◆ REQUIRED WORK
Only the lines from the one containing "Трусы с высокой" to the end of the data should be copied, exactly and without pictures.

◆ DATA PROVIDED
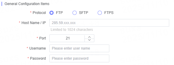 | Username | Enter the access account for FTP, SFTP, or FTPS. |
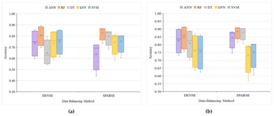 Assessment of DENSE and SPARSE data balancing methods using different machine learning models. The accuracy refers to the total combination of four multi-metrics including OA, Kappa Index, F1-score, and AUROC. (a) Default parameters, and (b) optimal parameters.
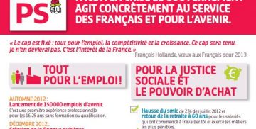Le Parti socialiste lance cette semaine une campagne populaire avec notamment 2 millions de tracts pour mieux faire connaître les décisions économiques et sociales majeures prises par le gouvernement en 2012 et qui vont produire leurs effets dans les mois qui viennent. La bataille est engagée sur tous les fronts : celui de la croissance, … Lire la suite
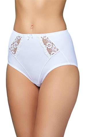 Трусы с высокой линией талии из полиамидного микроволокна. По бокам небольшие кружевные вставки. Срезы обработаны швом "зигзаг". Ластовица дублирована хлопком.
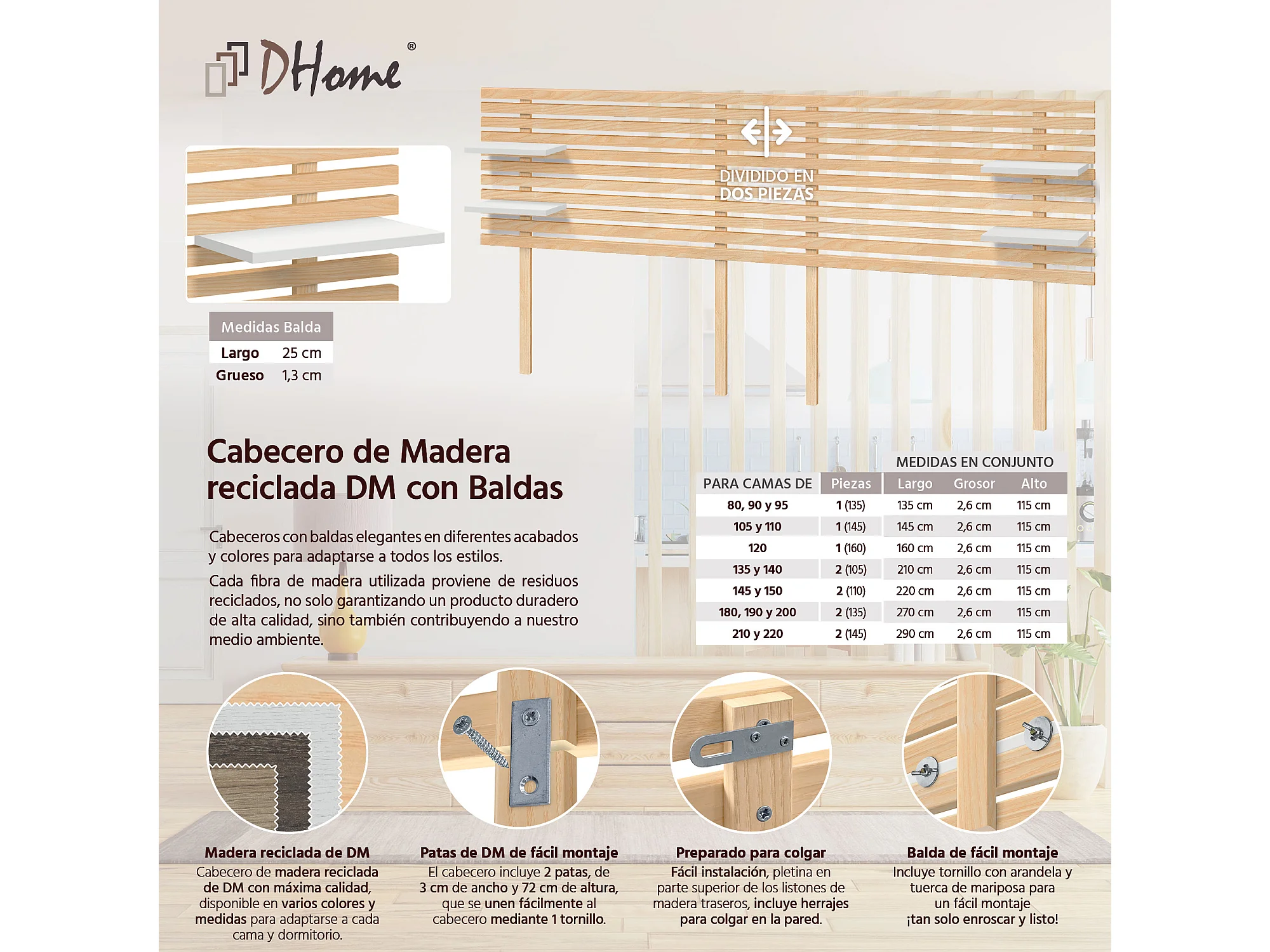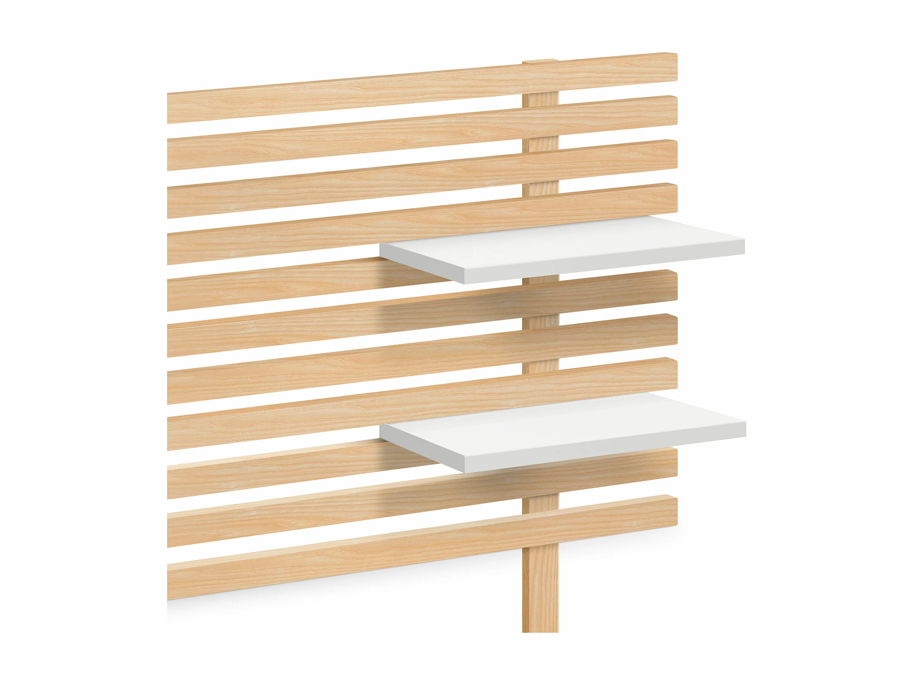 DHOME Kopfteil mit Regalen aus recyceltem MDF-Holz, Wandmontage, japanischer Palettenstil, mit Beinen, Vintage-Bett (Naturholz/Weiß, 290 cm, Doppelbett)

◆ ANSWER BOX
 Трусы с высокой линией талии из полиамидного микроволокна. По бокам небольшие кружевные вставки. Срезы обработаны швом "зигзаг". Ластовица дублирована хлопком.
 DHOME Kopfteil mit Regalen aus recyceltem MDF-Holz, Wandmontage, japanischer Palettenstil, mit Beinen, Vintage-Bett (Naturholz/Weiß, 290 cm, Doppelbett)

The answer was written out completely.